The man inside (part one)

RUBY:

From Schwartz Media, I’m Ruby Jones, this is 7am.

In the early 2000’s in Western Sydney a gang war was running between largely Lebanese families.

The response at the time was a significant moment in racialised policing.

In the middle of the story is one man, Ramzi Aouad, who is in prison for life on the basis of testimony that has been criticised as being financially induced.

This is part one of a two-part episode. Reporting in this episode is by Mahmood Fazal.

RUBY:

Mahmood how did you come to know Ramzi Aouad and tell his story?

MAHMOOD:

I actually met the brother of Ramzi's co-accused in Brisbane... He told me the story of three men in their 20s being convicted to life imprisonment, and we were talking about what life meant in Australia and he said no, no...

It's life. It’s life without parole, like they throw away the key.

RUBY:

Mahmood Fazal wrote about this case for The Monthly magazine.

MAHMOOD:

In our first phone conversation, my first impressions of Ramzi were of kind of young kid.

Archival tape --

This call is originating from the Longbay Metropolitan Special Programs Center.

Archival tape -- Mahmood

Ramzi, how are you…

Archival tape -- Ramzi:

Good, how are you?

Archival tape -- Mahmood:

Yeah good. Is it alright for you to call at this time?

Archival tape -- Ramzi:

Yeah...

MAHMOOD:

He sounded like he was still in his early 20s. But he's older than me in his mid 30s now. So I was quite surprised. And he seemed like he'd come to terms with what his life has now become.

Archival tape -- Ramzi:

I didn’t want it to affect me too much I think.

Archival tape -- Mahmood:

Because you were young too.

Archival tape -- Ramzi:

Yeah I was young, I think I took it as a joke at the time. Probably hit me hard when I got a bit older.

MAHMOOD:

We were speaking a lot about the things we took for granted as kids; running amok on the streets. In the same way all young Muslim men in the early 2000s were trying to make sense of the world outside their home, outside their communities. We were in many ways trying to find our place, trying to fit in.

Archival tape -- Ramzi:

I’ll call you every day, inshallah, that’s fine...

MAHMOOD:

The more I read about Ramzi's story, I couldn't help but feel as though our lives were only a few bad decisions apart. My parents moved to Victoria to flee the Soviet invasion of Afghanistan. Ramzi's parents moved to New South Wales to flee the Lebanese civil war. We were both from the outer suburbs involved in crime. There were shootings. I'd lost several friends in their 20s to gun violence.

RUBY:

So, you felt this closeness, because of your similar experiences... You've been writing to Ramzi… He's been writing to you as well. Can you tell me a bit about what he’s said in his letters?

MAHMOOD:

Do you want me to read something out for you?

RUBY:

That would be great, yeah.

MAHMOOD:

And this was from the first letter he ever wrote to me. He writes, The first day of my sentence, I remember walking past the surrounding prison cells, all were numbered, ranging from 10 to 20 years. When I finally arrived at my cell, my door was not marked with any numbers or years. A life sentence never to be released, a death sentence.

RUBY:

Mahmood, let's go back to the beginning of all this. Can you tell me about what was happening with crime in western Sydney - in Punchbowl - in the early 2000s?

MAHMOOD:

Sure. I think it's best to set the scene a bit first. In the year 2000, the Skaf rape trials took place. They were highly publicized largely as a result of deliberate police leaks. Alan Jones described the attacks as Muslim rapes of Australian women before adding that they were the first signs of an Islamic hatred towards the community that welcomed them.
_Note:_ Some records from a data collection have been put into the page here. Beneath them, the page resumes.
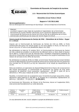 Le présent rapport a pour objet de soumettre à l'approbation de la Commission Permanente du Conseil Général l'attribution d'une subvention départementale à la Communauté de Communes du Canton de Villé au titre de la démolition de la friche commerciale constituée par les locaux de l'ancien Super U à VILLE.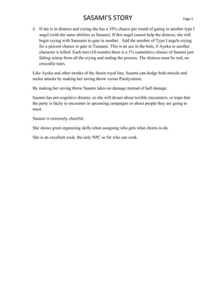 This document provides background information on Sasami, a 3rd level monk NPC, for the Game Master. It reveals that Sasami survived a terrible accident as a toddler when the goddess Tsunami took pity on her and placed the life force of a lesser angel within her. As a result, Sasami has abilities similar to a Type I angel such as detecting good/evil, creating light, and radiating protection from evil. The document compares Type I demons and angels and provides stats for each. It also notes Sasami has precognitive dreams and is an excellent cook.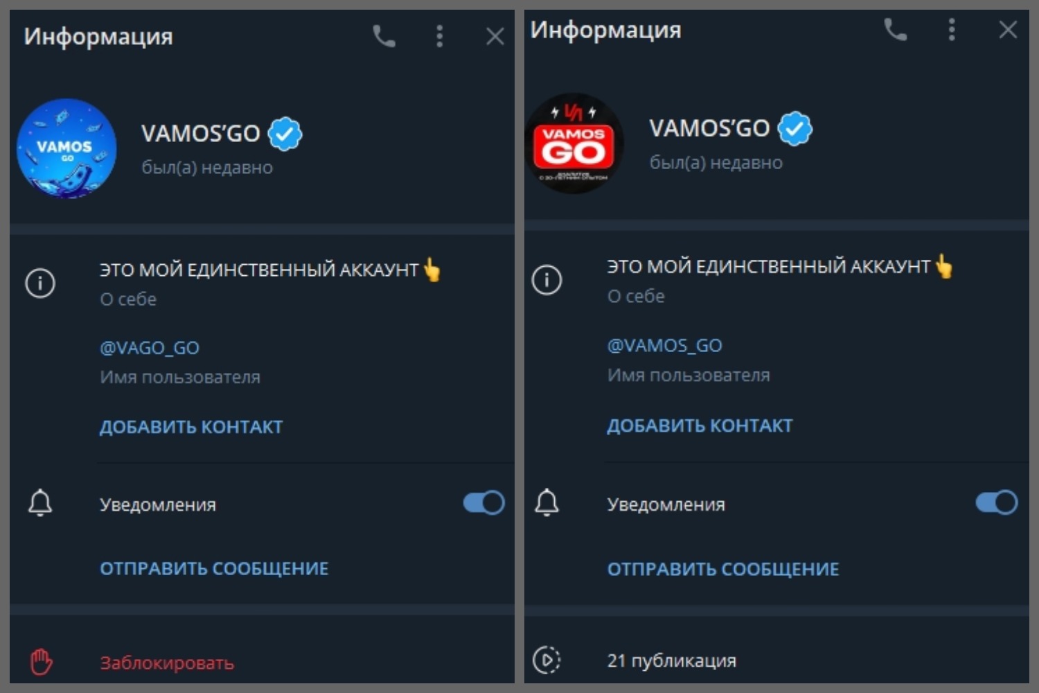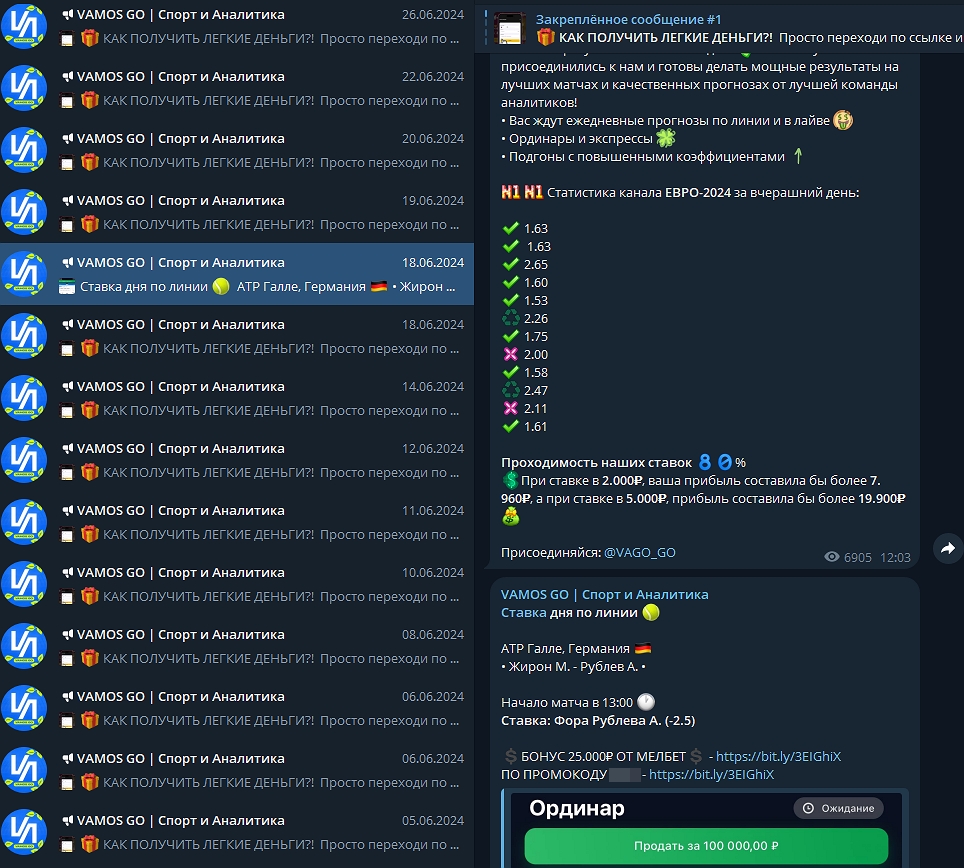 Обман очередной «гуру ставок» начинает немедленно, говоря подписчикам о наличии у него «одного аккаунта». Под псевдонимом @VAGO_GO тот предпочитает разводить в главном телеграмм-канале @vagogo_official, но у него есть и дублер с периодически меняющимися адресами.

Archival tape -- Alan Jones

Well I tell you what kind of grubs this lot were, this lot were Middle Eastern grubs. You’re not allowed to say it but I’m saying it.

MAHMOOD:

The New South Wales Director of Public Prosecutions said ethnicity was a motivating factor, even though the judge presiding in the first trial stressed that she'd seen no evidence of any racial element in these crimes.

Archival tape -- Alan Jones

It’s hard to believe that young men brought up in modern Australia could behave in such a fashion, like wild animals.

MAHMOOD:

And then you add to that the Tampa affair

Archival tape -- John Howard

But we will decide who comes to this country and the circumstances in which they come.

MAHMOOD:

September 11, the Bali bombings, and sudden suddenly we're all supposed to be surprised in the wake of these events when the Human Rights and Equal Opportunity Commission finds that two thirds of Muslim and Arab Australians are saying they've experienced racism and racial vilification.

So this was a time when Middle Eastern crime in Sydney's westrern suburbs really fueled the fears of the Australian imagination.

Archival tape -- reporter:

The violence has again erupted on streets of Punchbowl in Sydney’s Southwest with criminal gangs targeting police…

MAHMOOD:

The Telopea street boys were central to this campaign. They were running drugs, intercepting police radio networks, launching death threats towards patrolling officers, and issuing bomb threats to the Bankstown police station.

Archival tape -- reporter:

On one occasion there we had the Lakemba police station the victim of a drive-by shooting.

MAHMOOD:

So what the New South Wales police did was that they decided to introduce a new police tactic called zero-tolerance policing. The strategy involved a highly visible police presence, enforcing every facet of the law.

RUBY:

And what kind of effect did that have?

MAHMOOD:

Well, I think the footage of the police raids on Telopea street really says it all.

Archival tape -- reporter:

Police swept into the notorious Punchbowl street at dawn. Within minutes more than 200 officers were in place, two blocks entirely surrounded.

MAHMOOD:

They looked like something out of a military parade. You've got over 200 police officers sent to raid the street on three separate occasions. There were helicopters and officers literally marching up and down a street that's not even a kilometer long.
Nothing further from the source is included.